Rutherford County Schools says it will have to throw away 1,000 doses of COVID-19 vaccine because they were put in the wrong kind of freezer.
The district received the doses of Moderna vaccine Thursday for an upcoming event. They were put in a freezer, then moved to a refrigerator, according to a statement from RCS. But then the temperature monitoring device gave an error code. Apparently, the shipment was never supposed to be put in a freezer, which was not an approved model.
School superintendent Bill Spurlock says the district “deeply regrets” the error.
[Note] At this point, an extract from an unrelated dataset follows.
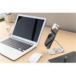 Stojanček je možné kompletne zložiť , ľahko sa tak zmestí do tašky alebo do batohu. Vložený telefón v stojane pohodlne nastavíte do správneho uhla. Pre úplné bezpečie vášho mobilného telefónu je horná časť stojana pokrytá jemným silikónom , ktorý zabráni poškriabaniu aj nechcenému skĺznutiu. V zadnej časti stojanu nájdete otvor na pretiahnutie nabíjacieho kábla .

Dr. Lisa Piercey, the state’s health commissioner, says there’s always added risk when working with outside partners, like a school district. And the state is doing that more and more, with at least 700 vaccination sites statewide this week.
“Obviously we have to make some systemic changes to prevent those types of errors from happening, but I know the people on the ground are just as devastated as I am,” she says.
A vaccination clinic scheduled for teachers Saturday in Rutherford County will go on, with the aid of doses from the local health department.
It’s been a rough few weeks for vaccine spoilage in Tennessee. Through the end of January, the state’s department of health only allowed 161 doses to go to waste. But with the Rutherford incident, along with an apparent shipping mixup in Knox County and Shelby County’s mounting problems, the state is approaching 5,000 wasted doses this month.